■ DATA BELOW:
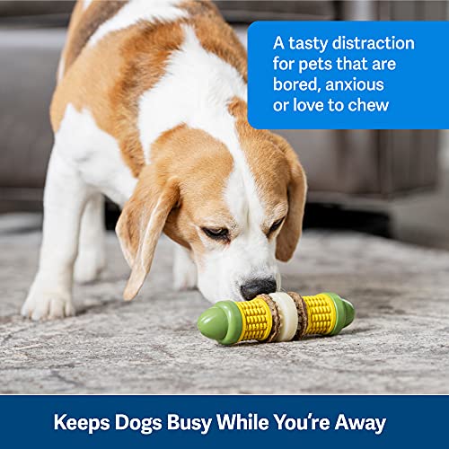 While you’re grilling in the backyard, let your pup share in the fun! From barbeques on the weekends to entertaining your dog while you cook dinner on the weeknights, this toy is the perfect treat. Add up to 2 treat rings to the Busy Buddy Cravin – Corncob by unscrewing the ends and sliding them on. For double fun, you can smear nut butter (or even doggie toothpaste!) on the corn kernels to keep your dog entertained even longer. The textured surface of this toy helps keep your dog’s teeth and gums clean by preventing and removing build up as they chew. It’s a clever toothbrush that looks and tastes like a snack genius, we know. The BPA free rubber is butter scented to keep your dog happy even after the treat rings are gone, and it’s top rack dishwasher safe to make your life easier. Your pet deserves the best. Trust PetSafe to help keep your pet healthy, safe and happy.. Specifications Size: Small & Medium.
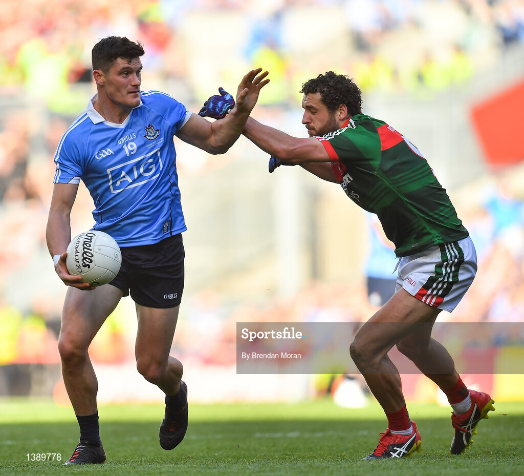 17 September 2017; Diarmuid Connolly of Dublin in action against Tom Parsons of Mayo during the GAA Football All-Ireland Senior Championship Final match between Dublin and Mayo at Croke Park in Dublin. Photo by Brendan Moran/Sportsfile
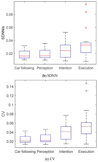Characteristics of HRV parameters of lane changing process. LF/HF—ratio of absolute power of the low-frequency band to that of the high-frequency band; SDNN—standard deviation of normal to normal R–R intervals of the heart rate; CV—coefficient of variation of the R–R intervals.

■ REQUIRED ACTION: Transcribe the data exactly and leave no picture in the copy.

■ ANSWER BOX:
 While you’re grilling in the backyard, let your pup share in the fun! From barbeques on the weekends to entertaining your dog while you cook dinner on the weeknights, this toy is the perfect treat. Add up to 2 treat rings to the Busy Buddy Cravin – Corncob by unscrewing the ends and sliding them on. For double fun, you can smear nut butter (or even doggie toothpaste!) on the corn kernels to keep your dog entertained even longer. The textured surface of this toy helps keep your dog’s teeth and gums clean by preventing and removing build up as they chew. It’s a clever toothbrush that looks and tastes like a snack genius, we know. The BPA free rubber is butter scented to keep your dog happy even after the treat rings are gone, and it’s top rack dishwasher safe to make your life easier. Your pet deserves the best. Trust PetSafe to help keep your pet healthy, safe and happy.. Specifications Size: Small & Medium.
 17 September 2017; Diarmuid Connolly of Dublin in action against Tom Parsons of Mayo during the GAA Football All-Ireland Senior Championship Final match between Dublin and Mayo at Croke Park in Dublin. Photo by Brendan Moran/Sportsfile
Characteristics of HRV parameters of lane changing process. LF/HF—ratio of absolute power of the low-frequency band to that of the high-frequency band; SDNN—standard deviation of normal to normal R–R intervals of the heart rate; CV—coefficient of variation of the R–R intervals.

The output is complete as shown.